Gingrich Pigliatutto (Famiglia Cristiana)

Che giocasse in casa lo si sapeva, e si sapeva anche che dopo la brillante performance al dibattito di giovedi’ scorso i suoi numeri erano cresciuti fino a superare, seppur di misura quelli di Mitt Romney, fino ad allora favorito. Ma una vittoria cosi’ schiacciante di Newt Gingrich in South Carolina non se l’aspettava nessuno. Forse nemmeno lui.

Eppure i ben 12 punti percentuali di scarto sul diretto rivale (Gingrich 40% – Romney 28%) non lasciano dubbi su chi ha convinto, e chi no, i repubblicani del Sud, di essere l’uomo giusto per sfidare e battere a novembre il presidente Obama. Gingrich ha stravinto, in tutte o quasi le conteee dello Stato, sia tra gli uomini che tra le donne, in tutte le fasce di età dai 30 in su, in tutte le fasce di reddito dai 200,000 dollari l’anno in giù. Nonostante i 2,7 milioni di dollari spesi in pubblicità televisive in quello Stato da Romney, il vecchio volpone dei palazzi di Washington è riuscito in pochi giorni a ribaltare la situazione a suo favore dipingendo il rivale come un distante e opportunista finanziere lontano dai problemi della gente comune, poco coerente e soprattutto poco sincero giocando, tra le altre cose, sul suo continuo rifiuto di rendere pubblica la sua dichiarazione dei redditi.
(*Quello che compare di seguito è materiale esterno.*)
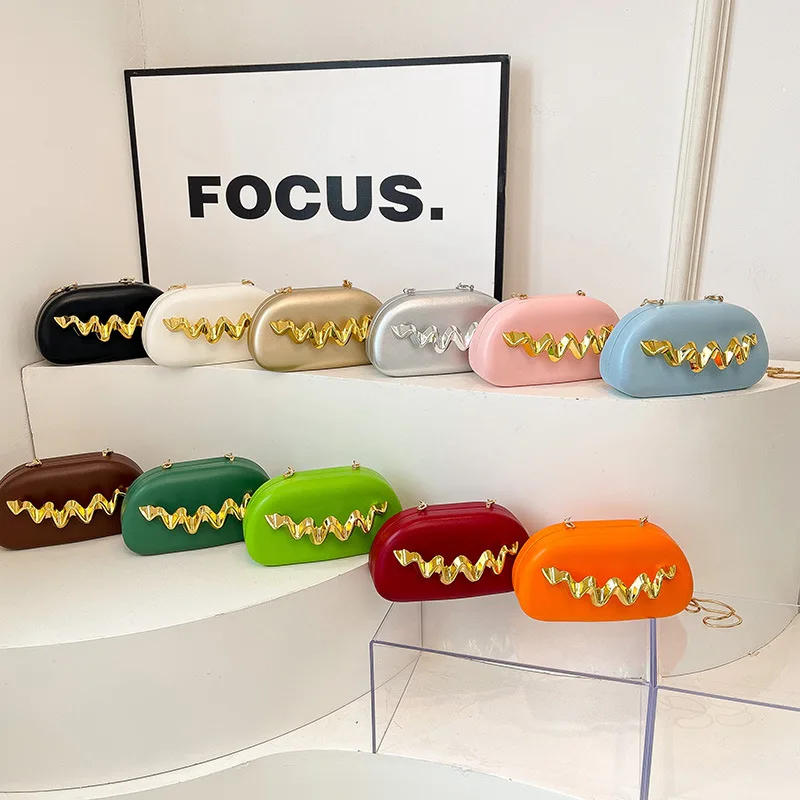 New Box Design Wave Shape Chain Shoulder Handbags for Women Ladies Evening Bags for Shopping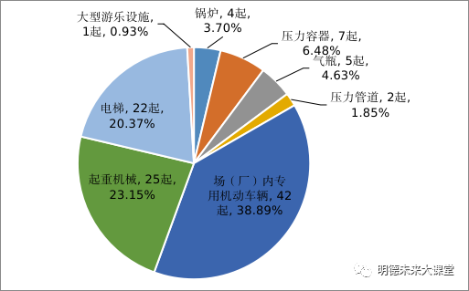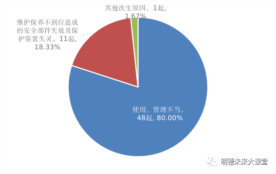 4. 电梯事故。安全管理、维护保养不到位2起,违章作业或操作不当4起,主要部件失效或安全保护装置失灵等原因6起,应急救援不当1起。
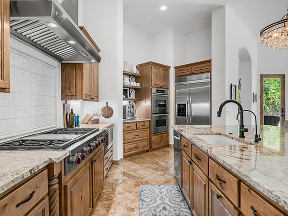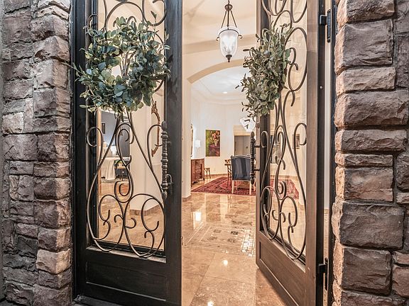 A charming private courtyard leads you to 10-foot custom double iron entry doors, opening to the foyer and elegant formal dining room with coffered ceilings The gourmet kitchen is a chef's dream—featuring a Wolf 6-burner gas cooktop with griddle, double ovens, drawer microwave, coffee bar, and a spacious granite island. It flows seamlessly into the great room with gas fireplace and a separate bar area complete with seating and a built-in wine fridgeperfect for entertaining family and friends.

Paradossalmente anche l’intervista poco lusinghiera rilasciata dall’ex moglie di Gingrich a due giorni dal voto ha giovato all’immagine dell’ex presidente della Camera, dandogli l’opportunita’ di attaccare i media amplificando il risentimento generale in casa repubblicana nei loro confronti e dimostrando alla base, con linguaggio popolare e con stile ruvido e aggressivo, tipico degli anni della sua “rivoluzione conservatrice” contro Clinton, di essere il tipo di ‘lottatore’ necessario a scalzare il presidente in carica.

E proprio per Obama ha avuto le parole più dure nel discorso di ringraziamento ai sostenitori dopo la vittoria: lo ha definito il presidente dei sussidi statali, dell’ambientalismo estremista e della debolezza in politica estera, “una debolezza tale”, ha aggiunto Gingrich tra le ovazioni “da far sembrare forte anche Jimmy Carter” – presidente che in casa repubblicana molti chiamano ancora “Wimp”, o pappamolla. Dal canto suo Obama, facile bersaglio di tutti i candidati repubblicani – in particolare quando vogliono cambiar discorso -, avrà modo di rispondere martedì prossimo, durante lo stato dell’Unione, il discorso annuale davanti alle Camere riunite. Insomma si scaldano gli animi, si alzano i toni, (presto dovrà alzarli anche Romney se vuole sopravvivere) e soprattutto si riapre completamente la corsa alla nomination repubblicana.

In una settimana si è passati da Romney inevitabile favorito a una situazione praticamente di parità, con i primi tre Stati vinti da tre candidati diversi. Finora però Romney e Gingrich, ripsettivamente in New Hampshire e in South Carolina hanno giocato e vinto – anzi stravinto – in casa. Fra dieci giorni si vota in Florida, Stato molto più grande popolato e politicamente complesso dei primi tre, dove la crisi specie da un punto di vista finanziario-immobiliare ha colpito duro, durissimo. Li’ si dovrà parlare di cifre di programmi, di proposte concrete oltre – come tutti gli analisti già prevedono succederà – a infangarsi l’un l’altro. In poche parole la campagna elettorale, quella vera deve ancora iniziare.